Elected to the mayorship by the municipal council of Lyon on 4 July 2020, he became the first member of his party to assume the office. He is also a councillor of the Metropolis of Lyon, where he sits on the Committee on Finance, Institutions, Resources and Territorial Organisation.

In February 2026, following the death of activist Quentin Daranque after political clashes, Doucet condemned the violence and called for calm. He however declined the proposal to display Daranque's portrait at Lyon City Hall, stating that he did not consider it representative of Lyon's humanist values.

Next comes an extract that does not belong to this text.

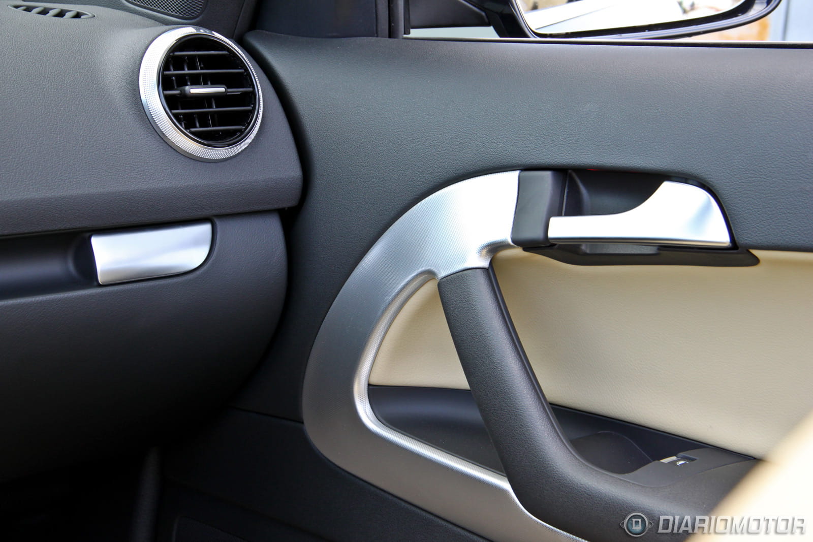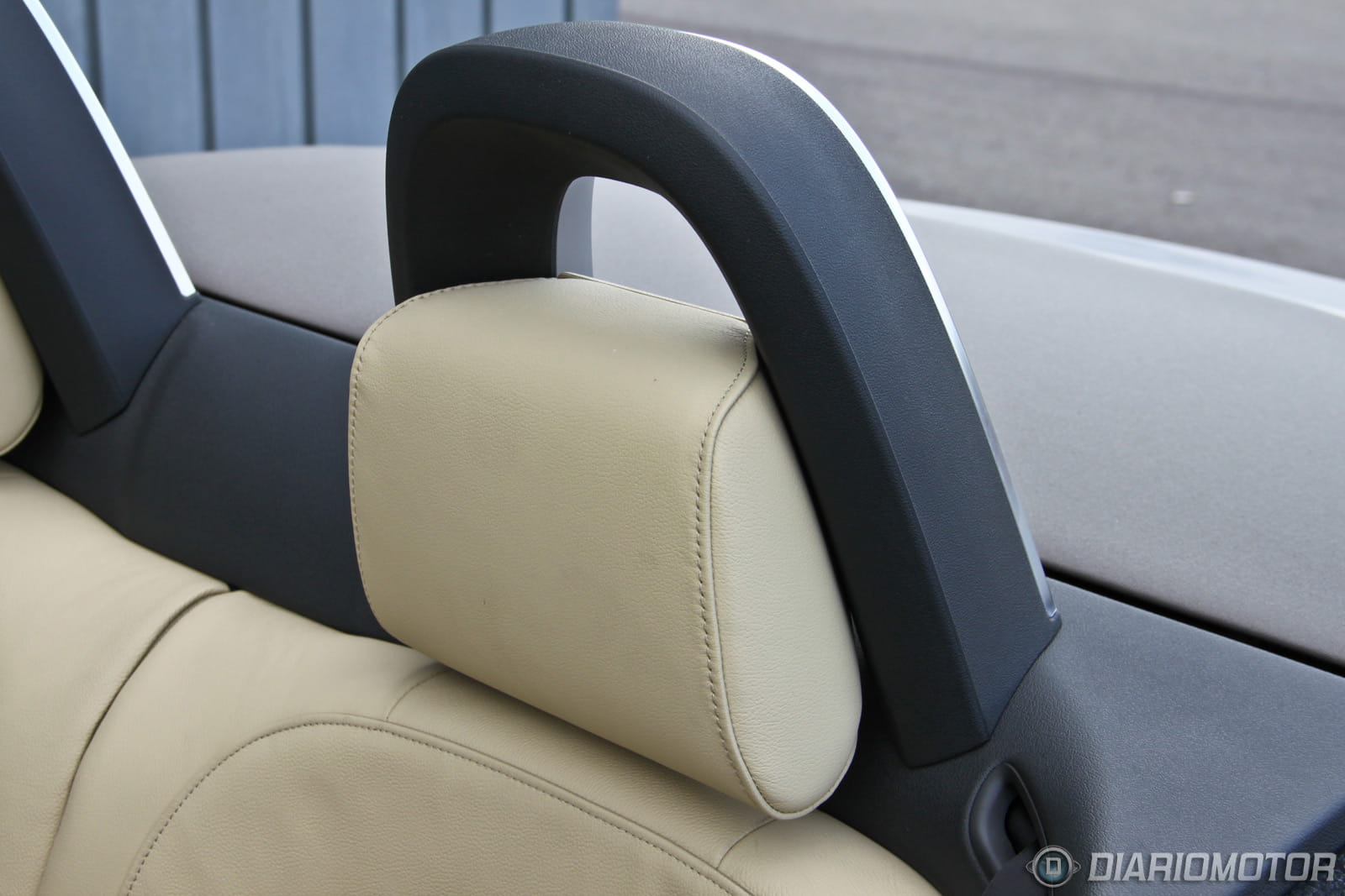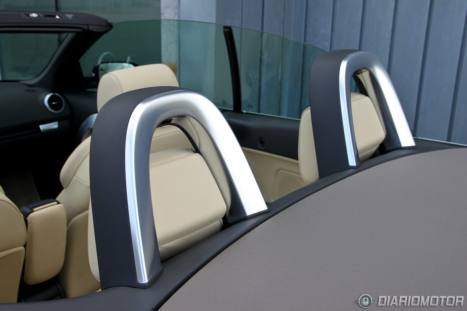 La radio CD Concert con 8 altavoces y llantas de 17 pulgadas completan una dotación de serie que no es demasiado amplia, tiene todo lo correcto pero le falta un toque de distinción. Eso se consigue a base de opciones, que son las que realmente hacen lucir a nuestra unidad de pruebas… e incrementan su precio en más de 9.000€. Por ejemplo, hemos disfrutado de la pintura metalizada Azul Scuba (735€) o del Paquete Aluminio (240€), en que los arcos antivuelco y base de la capota reciben detalles en este metal.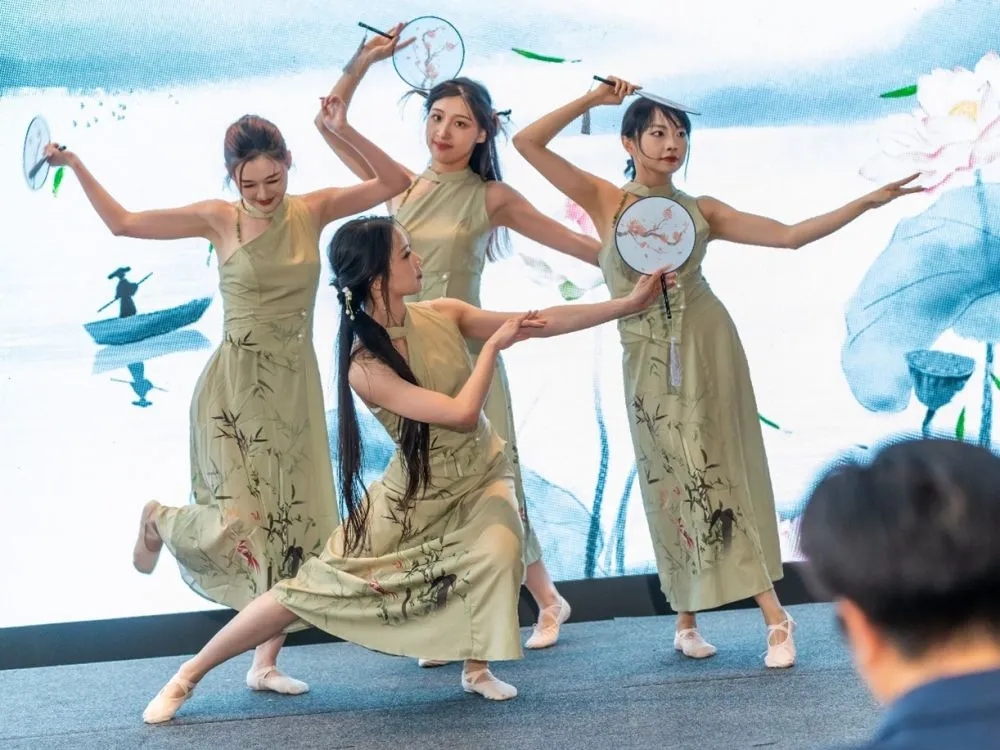 开幕式现场气氛热烈,中外艺术交织碰撞,江苏元素闪耀盛会。20余幅中外摄影师佳作定格江苏的自然风光、城市发展和非遗文化,充分展示江苏的城市魅力与文旅活力;中国民乐演奏表演《茉莉花》与西洋乐演奏《一步之遥por una cabeza》同台演绎中西文化的交流碰撞;精细讲究的碧螺春茶艺表演、时尚新潮的互动打卡装置等让嘉宾沉浸式走进“水韵江苏”……与会嘉宾纷纷表示,此次艺术展是一场视觉盛宴,也是一次心灵的旅行,让他们更加深入地了解了江苏,对江苏产生了浓厚的兴趣,也期待未来能有更多机会与江苏交流合作,为推动江苏文化和旅游的繁荣发展贡献力量。

He also called for the national government to assess the public order risks of a planned memorial march, which went without major issues.

In the 2026 Lyon municipal election, Doucet allied himself with the Socialist Party, French Communist Party and Place Publique ahead of the first round. In the second round he narrowly defeated Jean-Michel Aulas, supported by The Republicans, Renaissance (formerly La République En Marche!), Horizons and the Democratic Movement, with 50.6% of the vote.